Model Suara Rakyat Akali: Pesta Borong atau Calon Boneka

Diunggah oleh: Rudi S Kamri-TRIBUNNEWS.COM-Suksesi pemimpin daerah dengan mengambil suara rakyat sebagai penentu tertinggi dalam pemilihan, yang dianggap “vox populi vox dei “(Suara rakyat adalah suara Tuhan) didemonstrasikan dalam pemilihan perdana menteri daerah (Pirgada), yang baru-baru ini mengalami ujian yang sangat parah.

Politisi dan pemodal politik mencoba untuk melampaui proses demokrasi murni dan aturan main dalam berbagai cara.

Perilaku tidak sehat ini tampak jelas sebelum pemilihan nasional Indonesia tahun 2020.

Pemilu 2020 akan diadakan di 270 wilayah, termasuk 9 provinsi, 224 wilayah, dan 37 kota.

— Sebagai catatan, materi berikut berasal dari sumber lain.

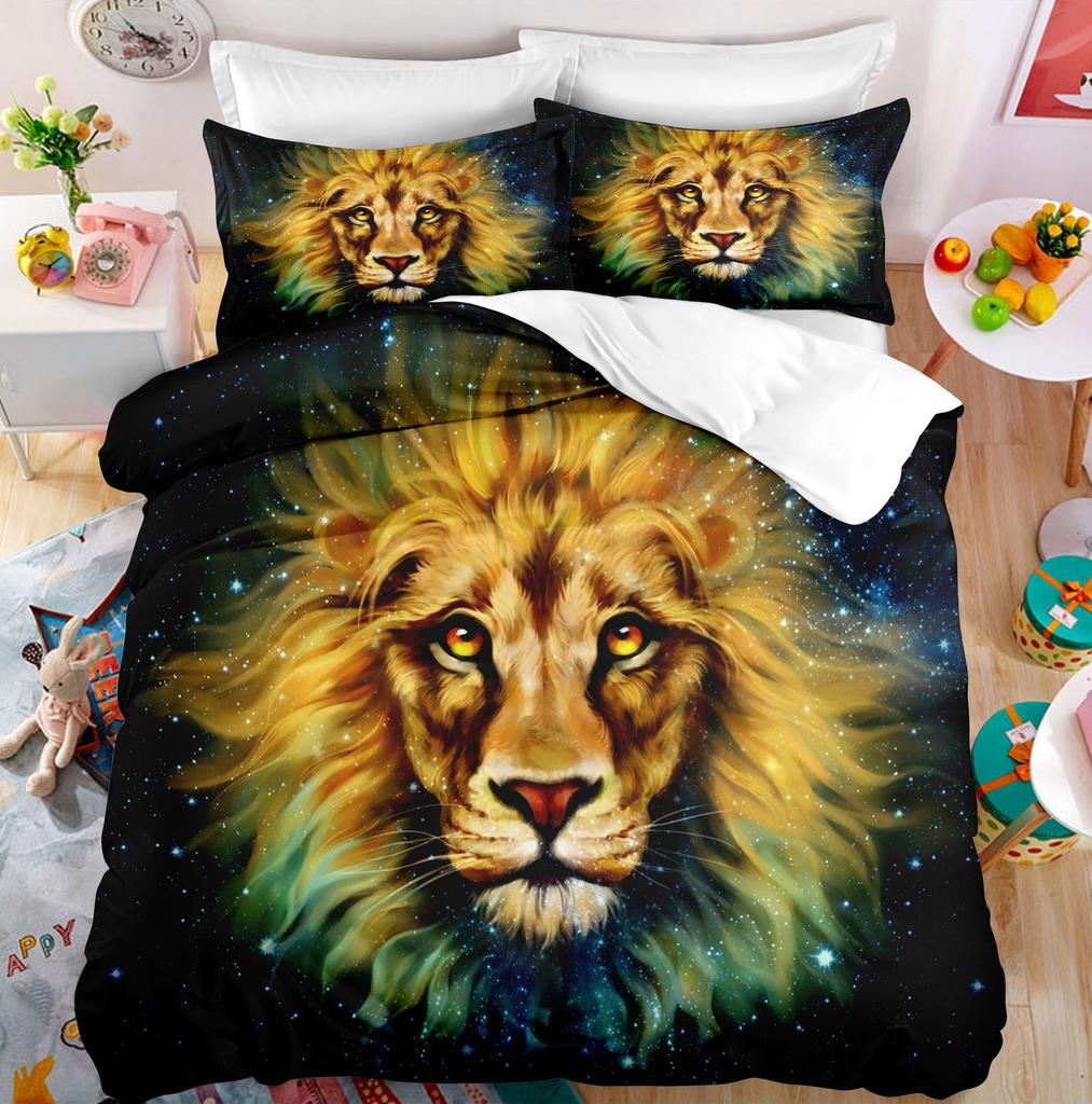 Lion Duvet Cover Set Roaring Lion White Wild Animals Polyester Comforter Cover King Queen Size For Kids Adults Teen Bedding Set

Pemilihan ini adalah gelombang pemilihan keempat setelah Heratan, dan itu sama di tahun 2016, 2017 dan 2018.

Baca: Maruf Amin menyebutkan netralitas ASN dan pemilih ganda, sehingga masalah pemilu 2020 – model yang telah populer akhir-akhir ini adalah membeli atau bahkan membeli dukungan untuk partai politik di Rtai di wilayah tersebut. Selain juara cukong, tidak ada pasangan calon lain yang memenuhi syarat untuk berpartisipasi dalam pemilihan 2020.

Umumnya, peretasan dilakukan pada akhir periode pendaftaran, sehingga pasangan lain tidak akan punya waktu untuk mencari dukungan publik melalui saluran independen.

Karenanya, pasangan calon cukong akan bertarung di kotak kosong dan terpilih!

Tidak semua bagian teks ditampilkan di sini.